From Michael Ackerson on Audible:

“An awesome ride”

As the federal government seeks to reopen the War on Drugs, Oathkeeper feels very timely. Set in Colorado, a small town sheriff finds himself in the crosshairs of a corrupt federal official. A David-VS-Goliath showdown is brewing, and right from the start things don’t look very good for our heroes. Given the fact that Oathkeeper is published by a company called Prepper Press, you can imagine what kind of position the book takes, but don’t let that fool you – Oathkeeper is a great ride that will keep you guessing right up until the very end.

Fans of Quentin Tarantino will feel right at home here. Oathkeeper has a grit to it, and it does it well – finding its footing somewhere between No Country for Old Men and Reservoir Dogs. Troy Grice has put together a world that will feel instantly recognizable to anyone who has spent time in an impoverished rural community. Grice has no problem heading headlong into the brutal results of drug addiction and crippling poverty facing small towns struggling to exist as a world apathetic to their existence passes them by.
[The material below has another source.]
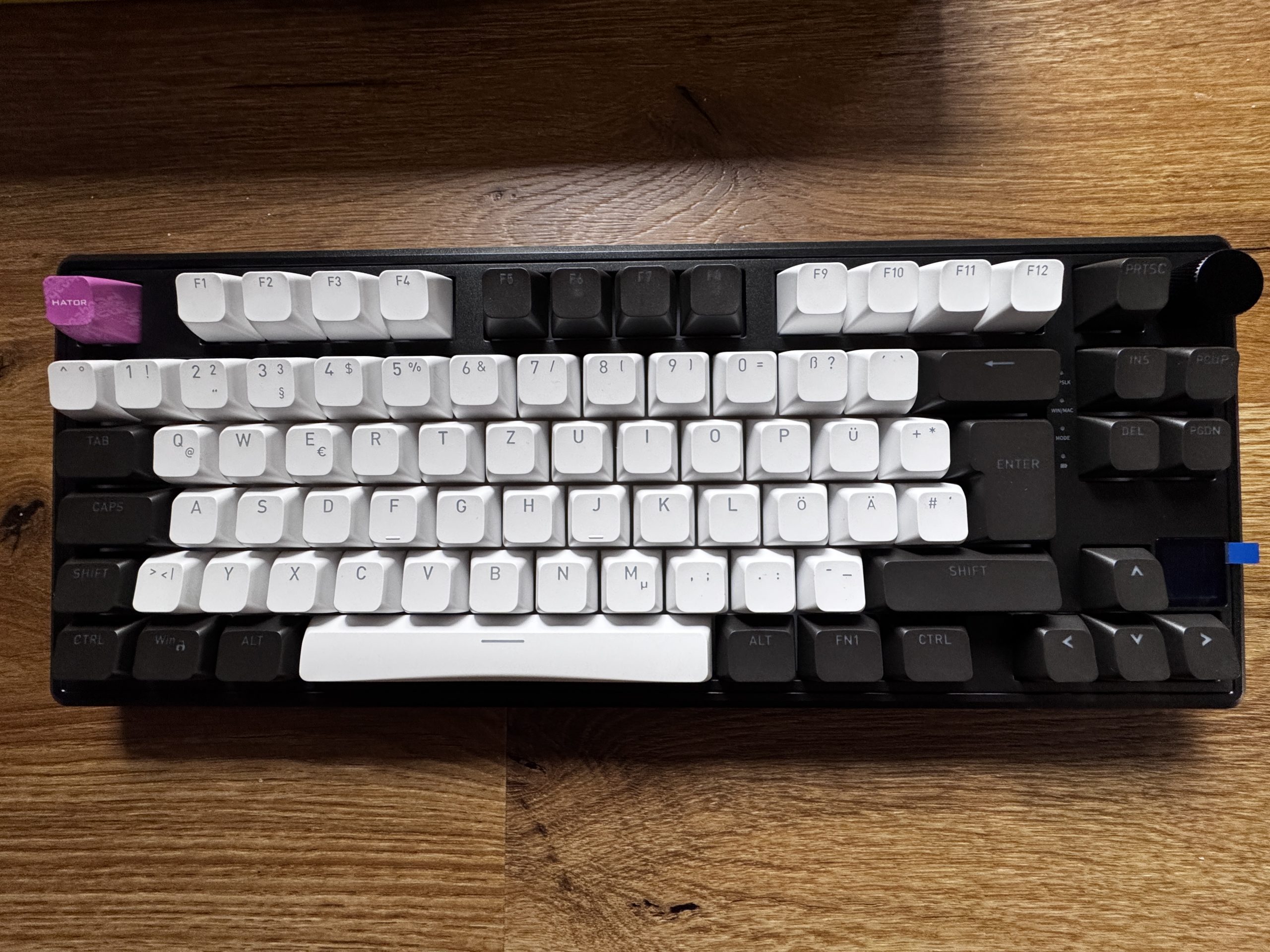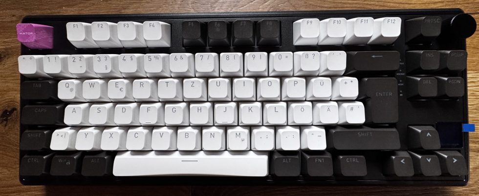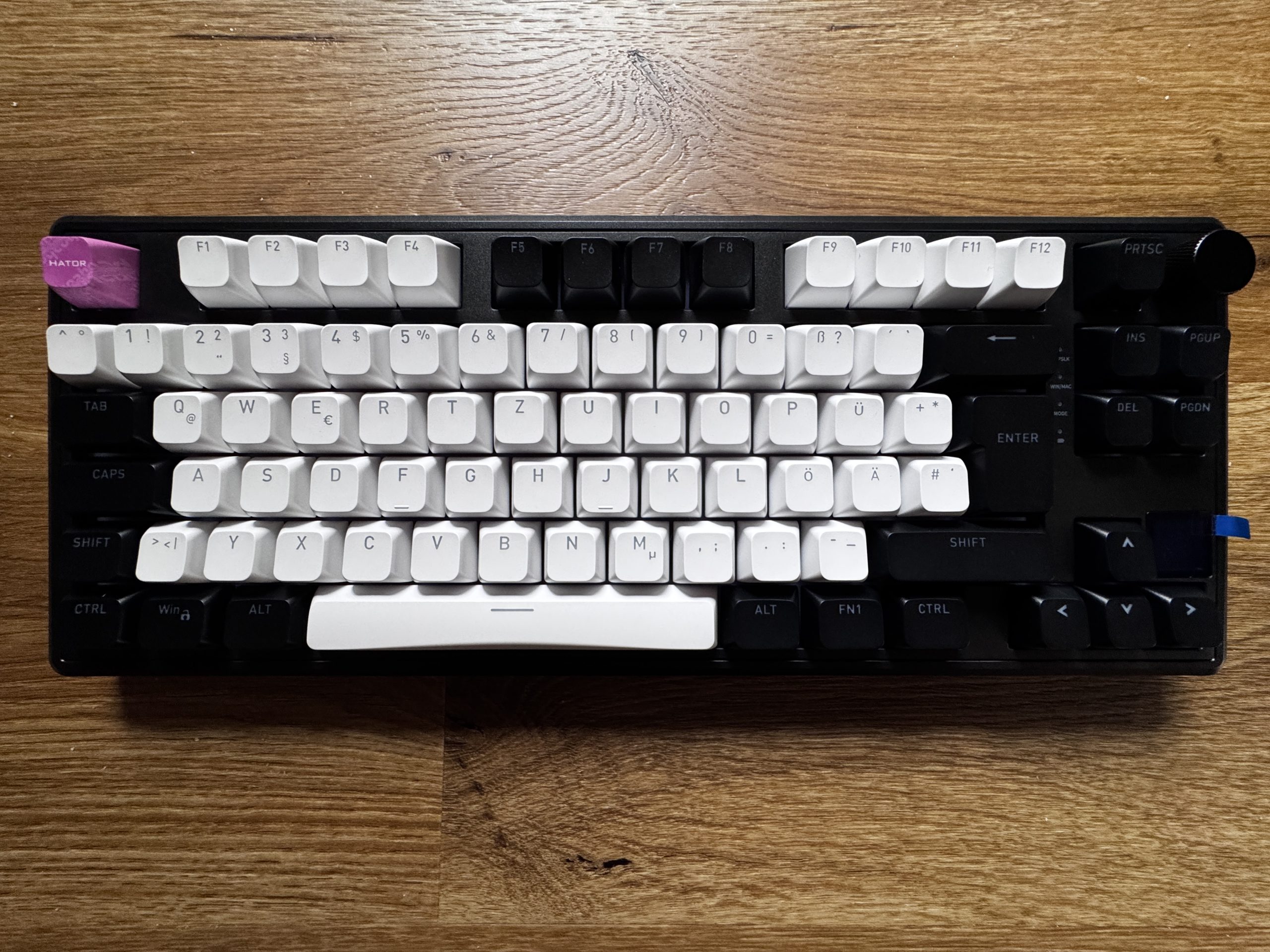 On the top, the compact 80 percent layout presents itself in a high-contrast black and white design. The rotary control at the top right is used for volume and media control, while the evenly arranged buttons leave a tidy and high-quality overall impression. The board has a robust, modern look and is clearly designed for functionality and convenience.

There is a lot of moral ambiguity in Oathkeeper, and it pairs well with Grice’s language which ranges from almost pastoral descriptions to cartoon violence. Grice’s characters and locations have history, good, bad and random and that gives them welcome depth. Are there good guys in Oathkeeper? Yeah, I suppose so. Are there bad guys? Yeah, I guess. However, one of the most refreshing parts about Oathkeeper is that it also has a lot of middle ground, and it doesn’t go out of its way to hold your hand about it.

Grice also sets up one of the most entertaining uses of Chekhov’s gun – in the form of an armored all-terrain vehicle equipped with a massive cannon – that I’ve seen in a long while. It’s introduced in the very first chapter and readers are left guessing “are we going to see the tank?” – and while I won’t say exactly when that happens, I will say that it was supremely satisfying.

Gabriel Zacchai’s narration is pitch perfect. He switches back and forth between dramatization and narration perfectly, keeping welcome pace with the tempo of the book. Fans of storytelling and of the oral tradition are in for a treat with this book’s production.

At the end of the day, how you feel about this book may be determined by how you feel about the War on Drugs, however, I’d urge you to give it a shot regardless of your opinion on that front. Oathkeeper is smart, and there is plenty here to like – you’re in for a thoroughly enjoyable ride.